To add product-driven expenses:

  1. Locate the "Other expenses" settings within Product Card and click the list icon button to access.

  2. In the "Product-Driven Expenses" window, click the button "+ ADD EXPENSES" to create a new expense entry.


    1. Name: Enter a descriptive name for the expense (e.g., Import Duties).
    2. Rule: Choose when the expense applies: "On shipment" or "On purchase."
    3. Calculation: Select how the expense is calculated, and enter the specific value (e.g., $0.05 per piece).
    4. Activity Group: Assign the expense to a relevant activity group.

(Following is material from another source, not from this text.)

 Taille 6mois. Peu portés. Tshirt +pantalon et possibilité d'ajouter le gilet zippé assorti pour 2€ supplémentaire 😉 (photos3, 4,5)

  3. Once you've added all the necessary information, review your entries. When finished, return to the "Product Card" to see the newly added product-driven expenses listed.

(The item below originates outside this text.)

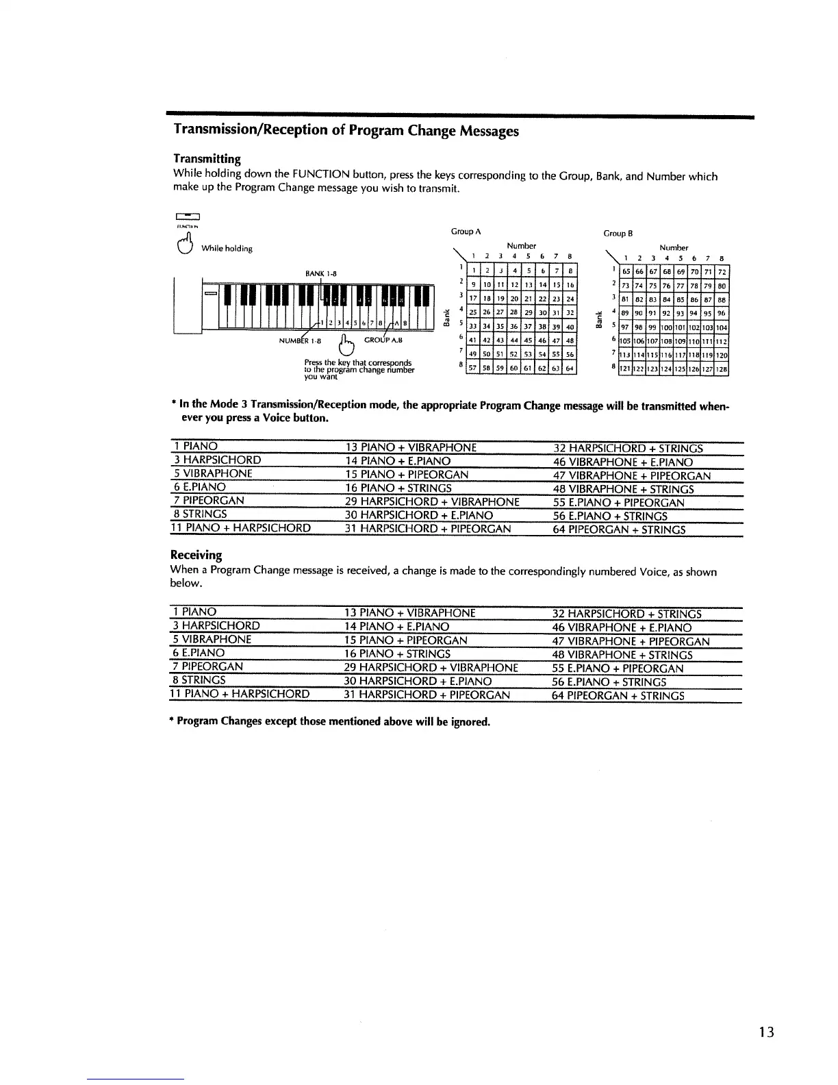 Roland HP-135 - Program Change Message Handling; Transmitting and Receiving Program Changes

What you can specify for each expense?

  • Expense Name: Give your expense a clear and descriptive name (e.g., "Packaging Materials," "Shipping per Unit").
  • On Shipment: This rule applies to expenses incurred during the fulfillment process, such as packaging, shipping, and warehousing. These costs are typically expensed in the period the product is shipped to the customer. (e.g., Shipping costs, Packaging materials)
  • Expense Rule: Give pre-defined "Expense Rules" to categorize your product-driven expenses. These rules help streamline expense tracking and reporting by grouping similar cost components. Here are the three common expense rule types:
    • On Purchase, Expense on Period: This rule applies to costs incurred at the time of product purchase that are expensed immediately in the current accounting period. These expenses are typically not capitalized into the product's value. (e.g., Transaction fees for buying inventory)
    • On Purchase, Capitalize into Product: This rule applies to costs that become part of the product's cost basis. These costs are added to the initial purchase price and are reflected in the product's inventory valuation. (e.g., Import duties, Material costs)
  • Calculation Method: Choose how the expense is calculated:
    • Per Unit Cost: This method assigns a fixed cost per unit of your product sold (e.g., "$2 USD per Piece").
    • %(Percentage) of Amount Sold: This method calculates the expense as a percentage of the base wholesale cost per unit (e.g., "10% of Wholesale Cost for Packaging").
  • Activity Group: Categorize the expense by its nature. Common categories include:
    • General: Expenses that apply broadly to your business operations.
    • Administrative: Administrative costs associated with managing your business.
    • Selling: Costs related to marketing and selling your product.
    • Production: Costs incurred during the production or delivery of your product.
    • Non-Operating: Expenses not directly related to your product's core operations.

Here's a tip:
  • By defining these product-driven expenses and utilizing expense rules, you gain a clear understanding of your overall costs per unit and their impact on your accounting practices.
  • This information empowers you to set competitive prices, optimize your supply chain, and ultimately ensure the profitability of your product offering.